On Thu, Apr 05, 2007 at 11:55:30AM +0100, Daniel P. Berrange wrote:
On Thu, Apr 05, 2007 at 11:38:42AM +0100, Richard W.M. Jones wrote:
> >Type 1: Isolated virtual network
> >--------------------------------
> >
> >Chain POSTROUTING (policy ACCEPT 273 packets, 26341 bytes)
> > pkts bytes target prot opt in out source
> > destination
> >
> >Chain FORWARD (policy ACCEPT 29 packets, 2244 bytes)
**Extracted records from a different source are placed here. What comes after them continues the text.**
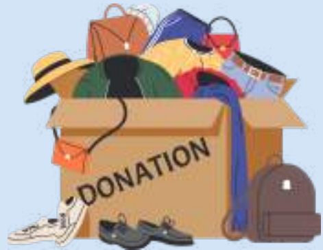
Pakaian atau aksesoris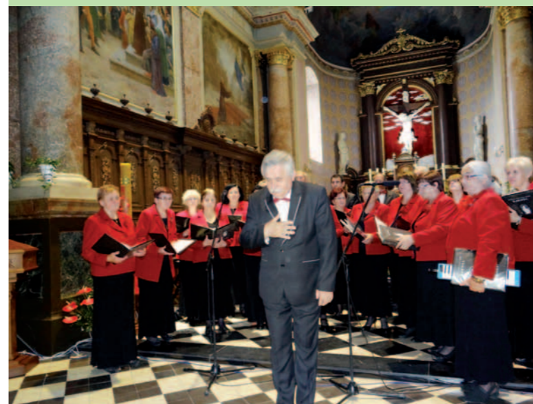
Chór „Karmal” ze Stropkowa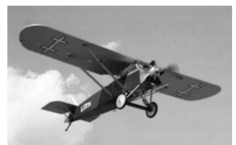
ANBO - ore

lakūnų mokymui ir treniruotėms bei žvalgybai, gamyba. Tuo Lietuva užėmė išskirtinę vietą tarp mažųjų Europos valstybių.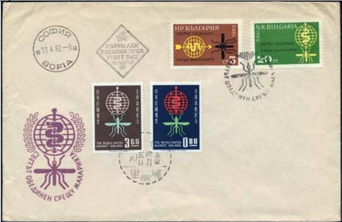
Diptera : Culicidae

1962 April 19 : Idem, El Mundo unido contra la Malaria (Scott : 1218-1219), Primer día de emisión emisión junto con China (Scott : 1342-1343).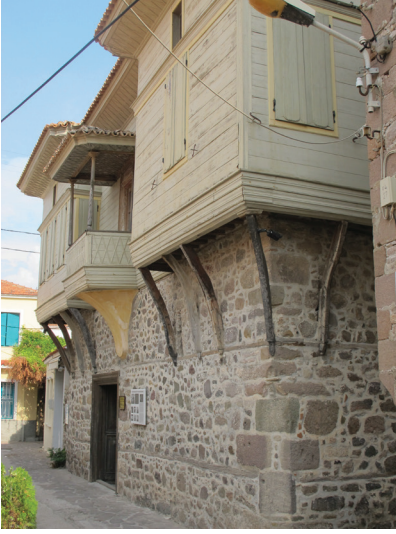
▲ Fot. 1: Petra Varelzidenas Evi, Genel Görünümü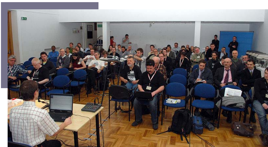
Uczestnicy Konferencji Wikimedia Polska 2010. Autor: Polimerex. Źródło: Wikimedia Commons. Licencja: CC BY-SA 3.0*

W konferencji uczestniczyło łącznie ok. 100 osób, w tym 2 gości z Rosji, 2 z Ukrainy oraz dwoje przedstawicieli Wikimedia Foundation. Stowarzyszenie pozyskało sponsora, który wsparł finansowo i sprzętem organizację wydarzenia. Patronat medialny nad konferencją objęło Wikinews.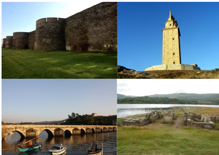
1.- Muralla de Lugo. 2.- Torre de Hércules (A Coruña). 3.- Ponte Sampaio (Pontevedra) 4.- Aquis Querquennis (Bande - Ourense)

Cando os romanos chegaron a Galicia, atraídos pola súa riqueza en ouro, estaño e ferro, atopáronse cos galaicos , un pobo celta que habitaba os máis de cinco mil castros que había entón. Os galaicos eran sedentarios e a súa sociedade estaba organizada entorno á familia, ao castro e finalmente ao populum que agrupaba a varios castros.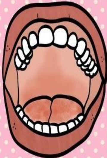
Ilustración 7Krista Wallden - Creative Clips

7.- Es importante realizar posteriormente el cepillado de la lengua, el cual se puede efectuar en forma de barrido, utilizando el cepillo dental o bien el limpiador de lengua, partiendo desde la base o parte posterior (atrás) con movimientos hacia adelante en repetidas ocasiones, para finalmente terminar el cepillado y enjuagar con agua natural a fin de remover los restos de pasta o crema dental, utilizada.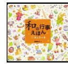
和の行事えほん あすなろ書房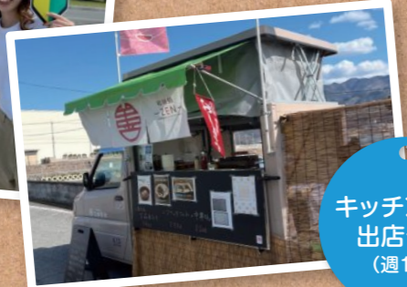
キッチンカー 出店予定 (週1回)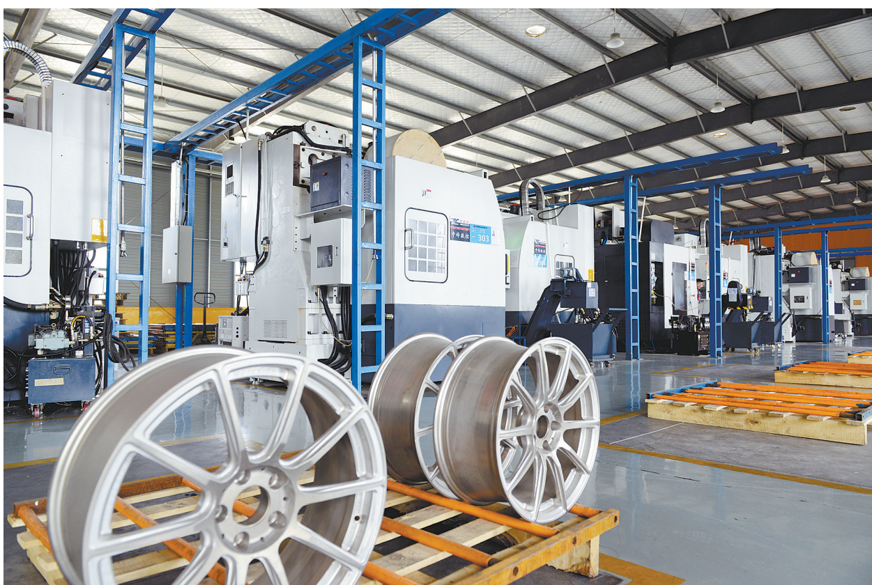
德威科技公司引进德国库克技术和机器人智能自动化生产线，生产出的轮毂具有质量轻、强度高、阻尼性好、抗疲劳性强等特点。在对德合作中，该公司与德国奔驰设计公司签订了3年总额达5亿元的镁合金轮毂订单，成为奔驰、宝马、保时捷等德系高端汽车的配套供应商。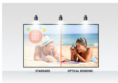
Optical bonded PCAP

Ook verkrijgbaar in het zwart : ProLite T2752MSC-B1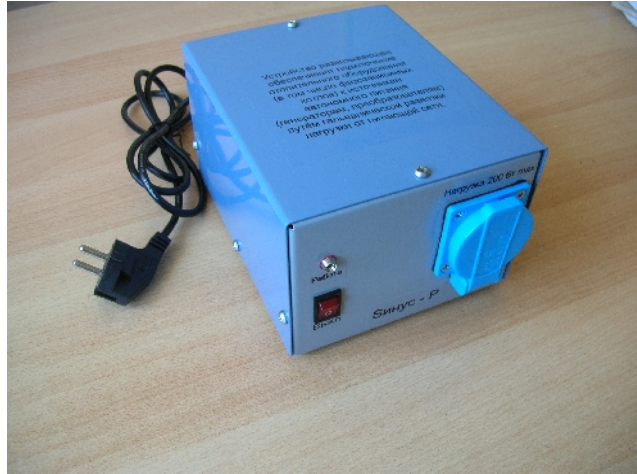
S - :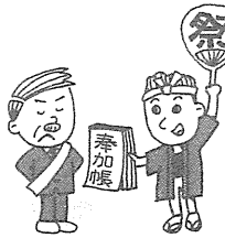
お祭などの寄付・お酒など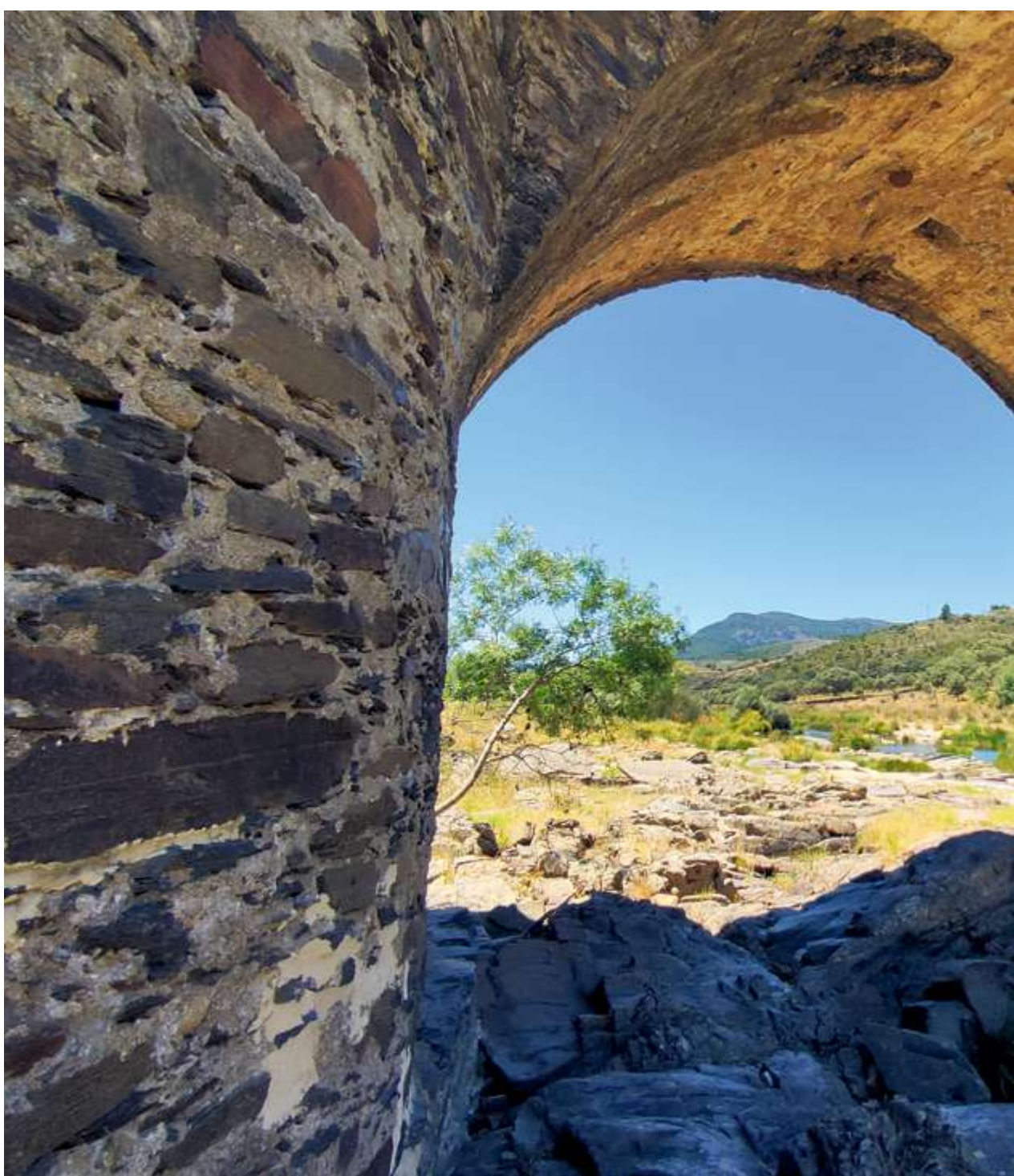
Los ríos de la Sierra de Francia atesoran una gran belleza paisajística, como esta vista del puente de piedra de Sotoserrano

Existen zonas de carácter comunitario, incluidas en la Red Natura 2000, como son las Zonas de Especial Protección de las Aves (ZEPAs) de las Sierras de Candelario, Quilamas, Batuecas-Sierra de Francia, y el río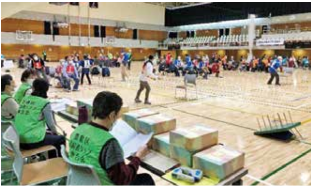
熱戦が繰り広げられた会場のようす

> > pkts bytes target prot opt in out source
> > destination
> > 0 0 REJECT all -- * vnet2 0.0.0.0/0
> > 0.0.0.0/0 reject-with icmp-port-unreachable
> > 0 0 REJECT all -- vnet2 * 0.0.0.0/0
> > 0.0.0.0/0 reject-with icmp-port-unreachable
>
> So the thinking here is that FORWARD will only apply to packets from
> DomU to the internet. Since this is an isolated network, all packets
> trying to go out should be rejected. I'm a bit confused as to what
> "vnet2" is here. It seems that any traffic to/from virbr0 should be
> rejected.
I should have explained that vnet2, vnet3 & virbr0 are all just the
bridge devices associated with each virtual network. I actually had
all 3 virtual networks running at once, which is wy each example
uses a different NIC.
> The rules above seem like they might match the DomU <-> DomU case
> (wouldn't these go through the FORWARD chain also?) If DomUs should be
> allowed to talk to each other (and that in itself is a policy decision)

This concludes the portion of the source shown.